[Material for the task]
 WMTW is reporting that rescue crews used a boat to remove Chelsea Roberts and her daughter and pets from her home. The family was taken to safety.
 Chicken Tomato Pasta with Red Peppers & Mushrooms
[/Material for the task]
[Material for the task]
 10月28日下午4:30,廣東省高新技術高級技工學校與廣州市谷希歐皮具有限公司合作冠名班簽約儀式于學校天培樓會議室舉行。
[/Material for the task]
Given the records above, restate word for word only the lines starting at the one with "WMTW is reporting" and ending at the one with "Chicken Tomato Pasta".

 WMTW is reporting that rescue crews used a boat to remove Chelsea Roberts and her daughter and pets from her home. The family was taken to safety.
 Chicken Tomato Pasta with Red Peppers & Mushrooms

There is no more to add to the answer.